Items from a data source

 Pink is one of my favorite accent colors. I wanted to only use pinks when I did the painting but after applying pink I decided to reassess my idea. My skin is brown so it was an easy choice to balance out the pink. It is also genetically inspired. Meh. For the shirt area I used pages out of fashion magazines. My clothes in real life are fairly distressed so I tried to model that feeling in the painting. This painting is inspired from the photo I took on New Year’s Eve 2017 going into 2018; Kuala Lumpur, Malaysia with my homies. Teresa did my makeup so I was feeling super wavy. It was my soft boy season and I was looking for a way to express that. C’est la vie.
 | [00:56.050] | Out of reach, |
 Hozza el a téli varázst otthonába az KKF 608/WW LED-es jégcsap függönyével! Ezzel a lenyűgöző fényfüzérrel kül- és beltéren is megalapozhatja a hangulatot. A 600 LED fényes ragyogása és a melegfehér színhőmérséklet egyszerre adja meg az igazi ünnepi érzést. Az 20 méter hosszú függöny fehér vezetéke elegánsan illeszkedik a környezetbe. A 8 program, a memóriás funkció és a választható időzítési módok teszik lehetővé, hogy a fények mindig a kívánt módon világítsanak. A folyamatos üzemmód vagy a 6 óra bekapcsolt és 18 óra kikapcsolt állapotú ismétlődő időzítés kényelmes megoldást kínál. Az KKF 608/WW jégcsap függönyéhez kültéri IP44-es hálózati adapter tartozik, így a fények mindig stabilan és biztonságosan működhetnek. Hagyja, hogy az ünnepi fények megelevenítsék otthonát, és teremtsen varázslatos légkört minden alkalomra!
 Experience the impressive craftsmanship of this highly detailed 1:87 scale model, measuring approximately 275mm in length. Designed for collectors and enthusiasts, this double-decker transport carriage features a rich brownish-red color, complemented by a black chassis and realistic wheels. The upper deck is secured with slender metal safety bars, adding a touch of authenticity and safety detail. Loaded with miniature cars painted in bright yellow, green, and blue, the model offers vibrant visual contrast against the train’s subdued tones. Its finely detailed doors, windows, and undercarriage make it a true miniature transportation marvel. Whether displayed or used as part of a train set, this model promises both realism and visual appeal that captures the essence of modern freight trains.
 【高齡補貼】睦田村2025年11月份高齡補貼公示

> [Exercise]: Return every line of the data unchanged.

> [Solved problem]:
 Pink is one of my favorite accent colors. I wanted to only use pinks when I did the painting but after applying pink I decided to reassess my idea. My skin is brown so it was an easy choice to balance out the pink. It is also genetically inspired. Meh. For the shirt area I used pages out of fashion magazines. My clothes in real life are fairly distressed so I tried to model that feeling in the painting. This painting is inspired from the photo I took on New Year’s Eve 2017 going into 2018; Kuala Lumpur, Malaysia with my homies. Teresa did my makeup so I was feeling super wavy. It was my soft boy season and I was looking for a way to express that. C’est la vie.
 | [00:56.050] | Out of reach, |
 Hozza el a téli varázst otthonába az KKF 608/WW LED-es jégcsap függönyével! Ezzel a lenyűgöző fényfüzérrel kül- és beltéren is megalapozhatja a hangulatot. A 600 LED fényes ragyogása és a melegfehér színhőmérséklet egyszerre adja meg az igazi ünnepi érzést. Az 20 méter hosszú függöny fehér vezetéke elegánsan illeszkedik a környezetbe. A 8 program, a memóriás funkció és a választható időzítési módok teszik lehetővé, hogy a fények mindig a kívánt módon világítsanak. A folyamatos üzemmód vagy a 6 óra bekapcsolt és 18 óra kikapcsolt állapotú ismétlődő időzítés kényelmes megoldást kínál. Az KKF 608/WW jégcsap függönyéhez kültéri IP44-es hálózati adapter tartozik, így a fények mindig stabilan és biztonságosan működhetnek. Hagyja, hogy az ünnepi fények megelevenítsék otthonát, és teremtsen varázslatos légkört minden alkalomra!
 Experience the impressive craftsmanship of this highly detailed 1:87 scale model, measuring approximately 275mm in length. Designed for collectors and enthusiasts, this double-decker transport carriage features a rich brownish-red color, complemented by a black chassis and realistic wheels. The upper deck is secured with slender metal safety bars, adding a touch of authenticity and safety detail. Loaded with miniature cars painted in bright yellow, green, and blue, the model offers vibrant visual contrast against the train’s subdued tones. Its finely detailed doors, windows, and undercarriage make it a true miniature transportation marvel. Whether displayed or used as part of a train set, this model promises both realism and visual appeal that captures the essence of modern freight trains.
 【高齡補貼】睦田村2025年11月份高齡補貼公示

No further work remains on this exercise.